:: SUPPLIED DATA ::
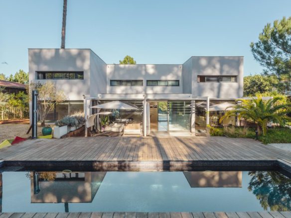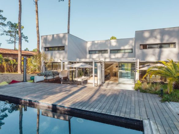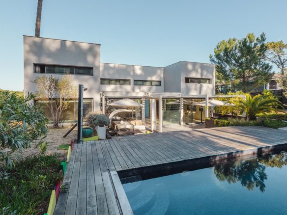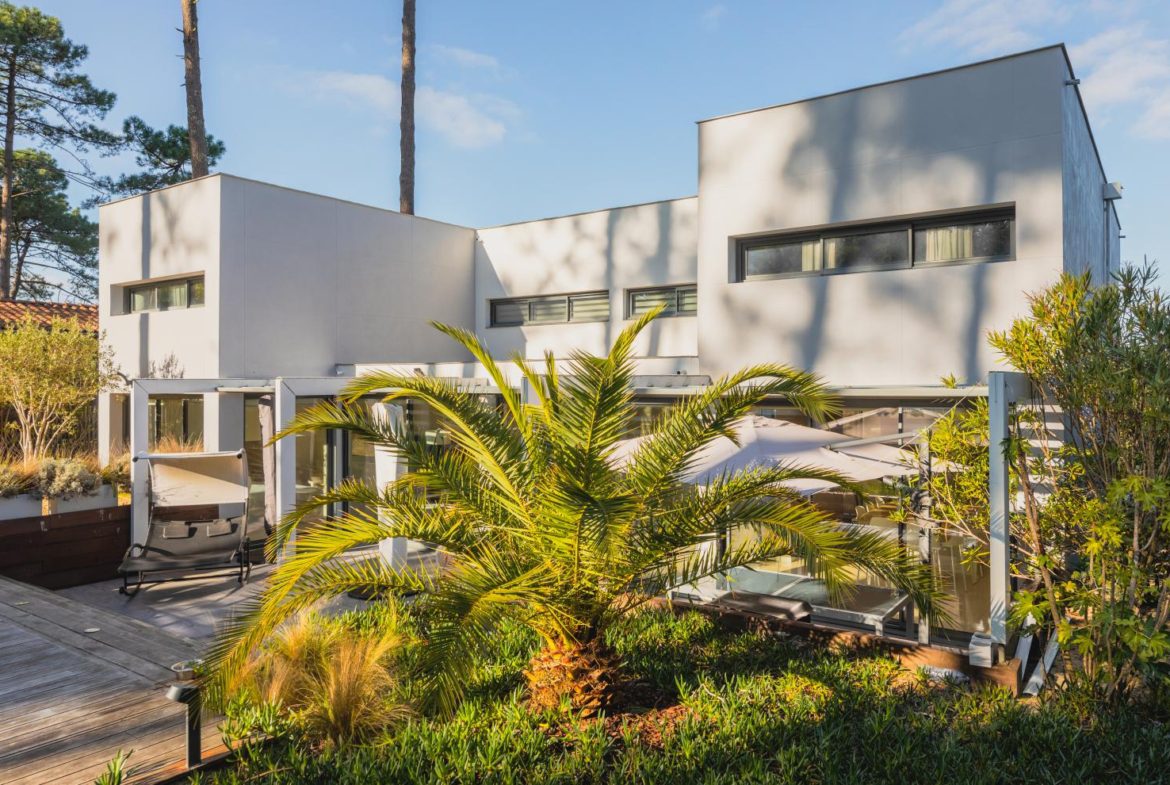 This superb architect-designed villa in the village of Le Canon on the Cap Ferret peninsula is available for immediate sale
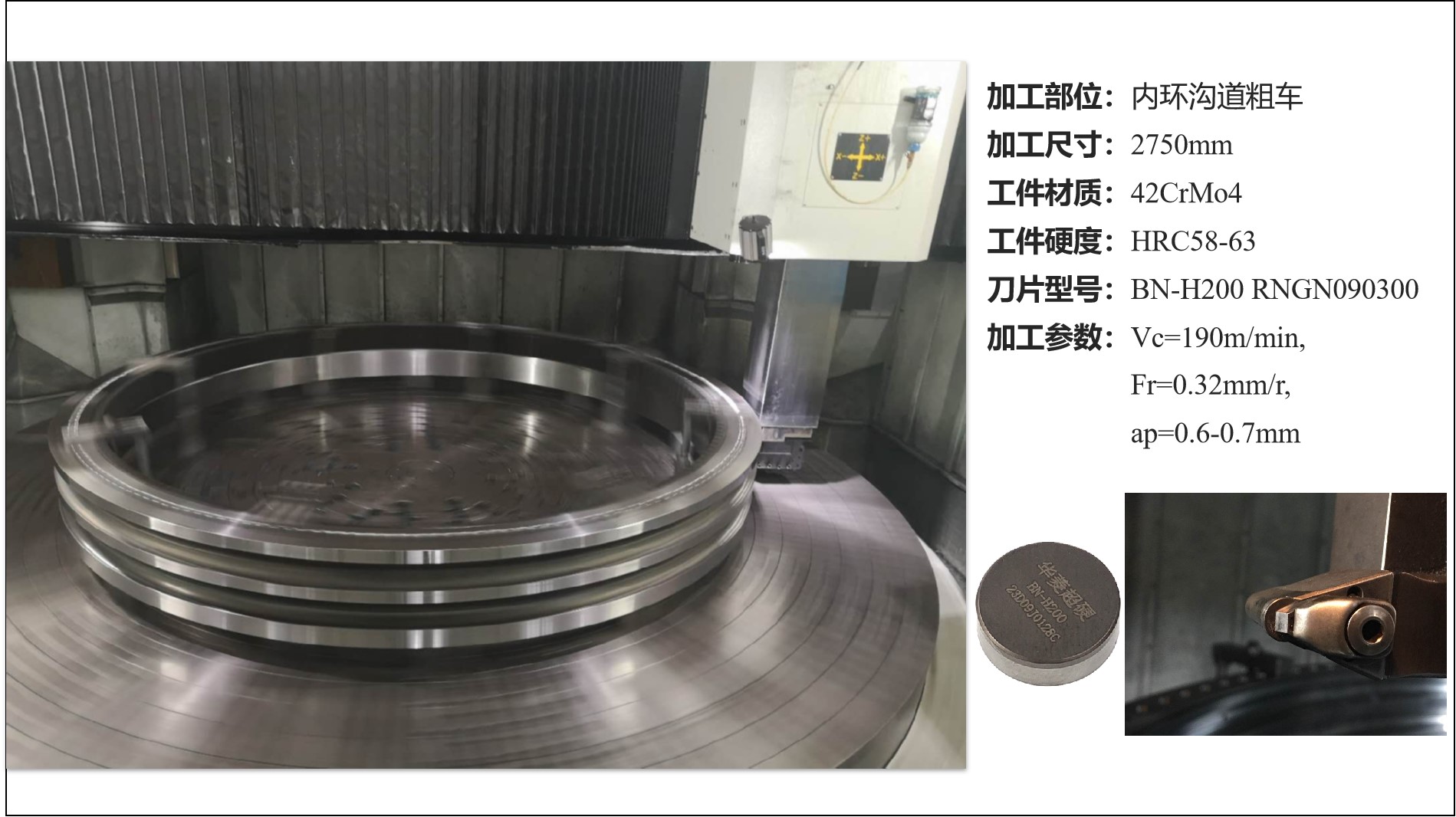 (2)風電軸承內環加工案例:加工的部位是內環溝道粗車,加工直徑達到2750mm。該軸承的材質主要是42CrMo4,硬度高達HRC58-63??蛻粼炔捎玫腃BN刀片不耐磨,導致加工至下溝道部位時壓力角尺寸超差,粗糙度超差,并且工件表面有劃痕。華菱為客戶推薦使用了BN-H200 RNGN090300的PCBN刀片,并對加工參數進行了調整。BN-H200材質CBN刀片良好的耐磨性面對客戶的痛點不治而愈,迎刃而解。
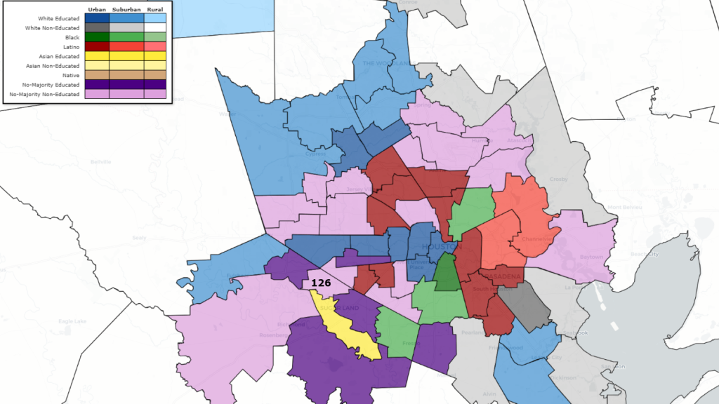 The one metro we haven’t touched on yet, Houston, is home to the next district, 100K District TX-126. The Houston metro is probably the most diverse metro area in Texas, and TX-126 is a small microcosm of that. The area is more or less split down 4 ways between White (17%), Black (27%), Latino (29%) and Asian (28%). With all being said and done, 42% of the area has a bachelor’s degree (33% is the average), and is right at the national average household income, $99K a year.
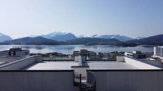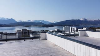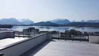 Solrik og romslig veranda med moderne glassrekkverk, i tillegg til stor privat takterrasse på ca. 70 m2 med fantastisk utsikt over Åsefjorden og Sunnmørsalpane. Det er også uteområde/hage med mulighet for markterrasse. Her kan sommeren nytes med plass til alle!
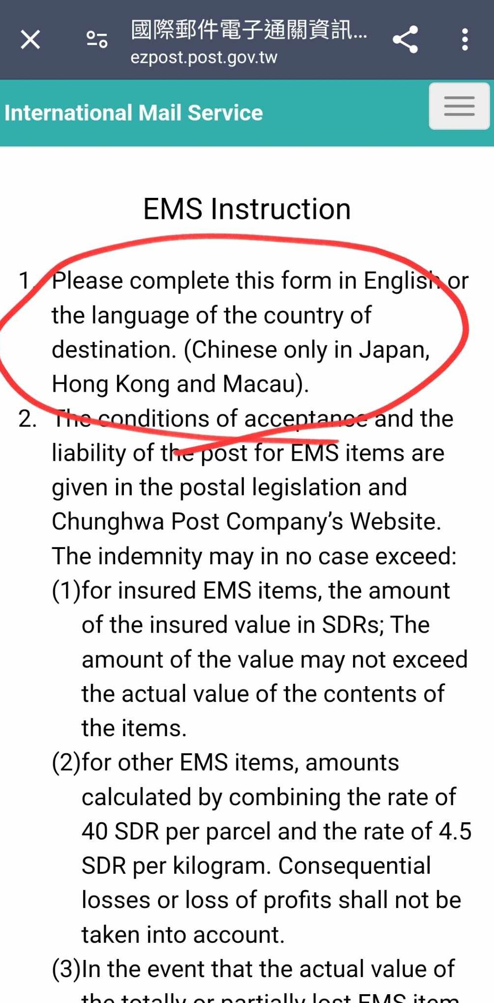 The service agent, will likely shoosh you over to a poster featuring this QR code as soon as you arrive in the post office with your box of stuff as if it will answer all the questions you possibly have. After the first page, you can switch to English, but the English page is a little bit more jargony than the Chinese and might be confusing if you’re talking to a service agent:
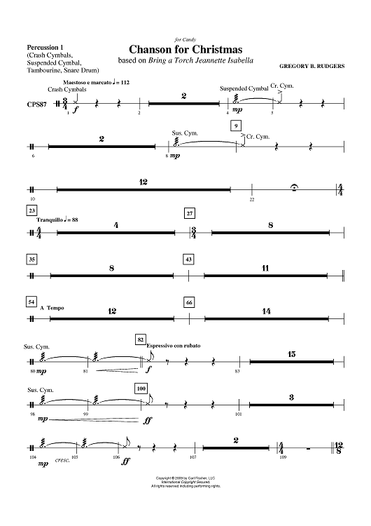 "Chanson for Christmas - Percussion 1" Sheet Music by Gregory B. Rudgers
:::
**REQUIRED WORK**
All entries above must be repeated exactly; pictures are to be left out.

**WRITTEN RESPONSE**
 This superb architect-designed villa in the village of Le Canon on the Cap Ferret peninsula is available for immediate sale
 (2)風電軸承內環加工案例:加工的部位是內環溝道粗車,加工直徑達到2750mm。該軸承的材質主要是42CrMo4,硬度高達HRC58-63??蛻粼炔捎玫腃BN刀片不耐磨,導致加工至下溝道部位時壓力角尺寸超差,粗糙度超差,并且工件表面有劃痕。華菱為客戶推薦使用了BN-H200 RNGN090300的PCBN刀片,并對加工參數進行了調整。BN-H200材質CBN刀片良好的耐磨性面對客戶的痛點不治而愈,迎刃而解。
 The one metro we haven’t touched on yet, Houston, is home to the next district, 100K District TX-126. The Houston metro is probably the most diverse metro area in Texas, and TX-126 is a small microcosm of that. The area is more or less split down 4 ways between White (17%), Black (27%), Latino (29%) and Asian (28%). With all being said and done, 42% of the area has a bachelor’s degree (33% is the average), and is right at the national average household income, $99K a year.
 Solrik og romslig veranda med moderne glassrekkverk, i tillegg til stor privat takterrasse på ca. 70 m2 med fantastisk utsikt over Åsefjorden og Sunnmørsalpane. Det er også uteområde/hage med mulighet for markterrasse. Her kan sommeren nytes med plass til alle!
 The service agent, will likely shoosh you over to a poster featuring this QR code as soon as you arrive in the post office with your box of stuff as if it will answer all the questions you possibly have. After the first page, you can switch to English, but the English page is a little bit more jargony than the Chinese and might be confusing if you’re talking to a service agent:
 "Chanson for Christmas - Percussion 1" Sheet Music by Gregory B. Rudgers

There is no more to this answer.